#### THE PROBLEM:
Your reply should be the whole listing, copied exactly, with the pictures left out.

*** DATA BELOW ***

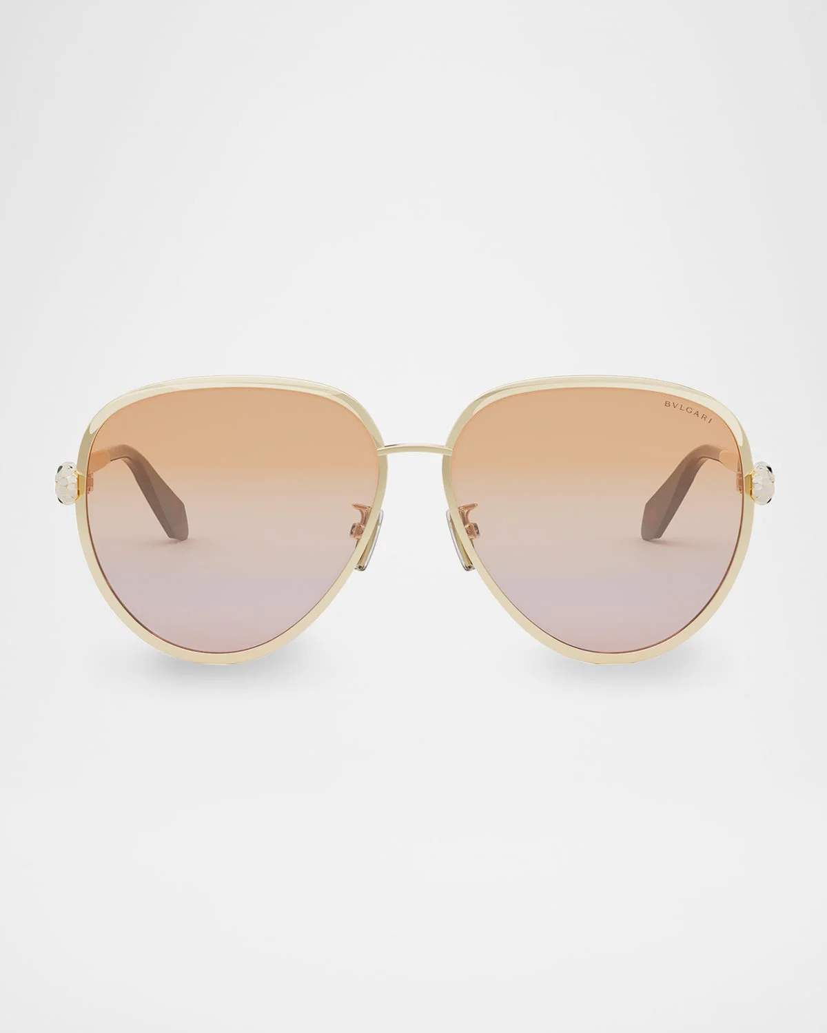 - BVLGARI sunglasses in metal - Lasered logo on metal temples, and on lens - Eye/bridge/temple (in mm): 54.1-13-140 - Eyewear style: Aviator - Metal - 100% UVA/UVB protection - Made in Italy - Proposition 65 warning for California residents
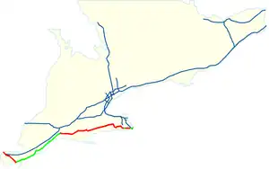 ![]() Location of Highway 3 in Southern Ontario Current route Former route 400-series highways | |||||||
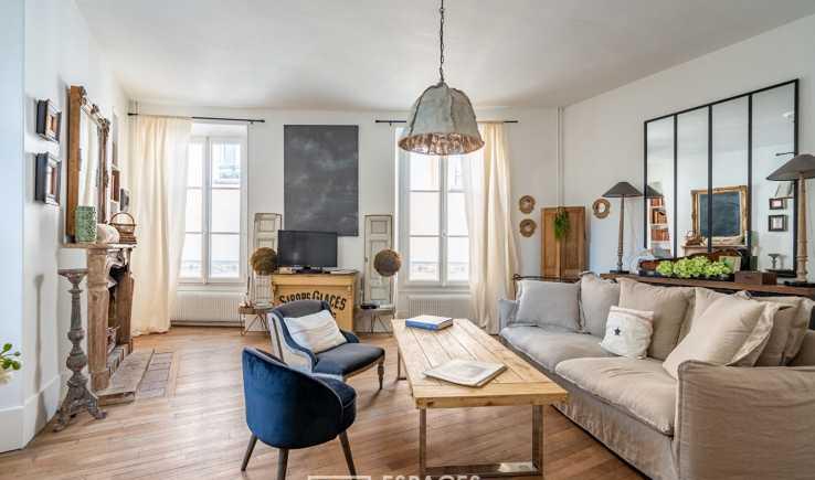 The second level, dedicated to the sleeping area, offers on one side: a pretty 15 sqm bedroom which benefits from a dressing room (formerly a 9.5 sqm bedroom), on the other: a beautiful 11 sqm bedroom, then a bathroom with quality decoration.
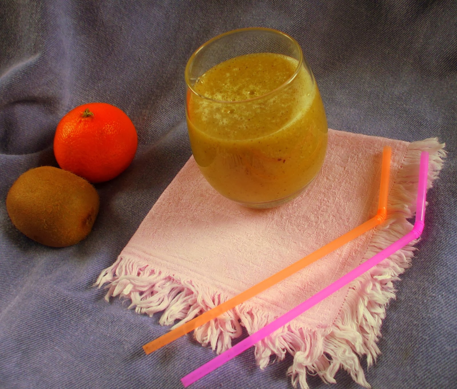 Retirar a casca dos kiwis e a tangerina e descaroçar a tangerina.

***

#### OUTPUT OF THE TASK:
 - BVLGARI sunglasses in metal - Lasered logo on metal temples, and on lens - Eye/bridge/temple (in mm): 54.1-13-140 - Eyewear style: Aviator - Metal - 100% UVA/UVB protection - Made in Italy - Proposition 65 warning for California residents
 ![]() Location of Highway 3 in Southern Ontario Current route Former route 400-series highways | |||||||
 The second level, dedicated to the sleeping area, offers on one side: a pretty 15 sqm bedroom which benefits from a dressing room (formerly a 9.5 sqm bedroom), on the other: a beautiful 11 sqm bedroom, then a bathroom with quality decoration.
 Retirar a casca dos kiwis e a tangerina e descaroçar a tangerina.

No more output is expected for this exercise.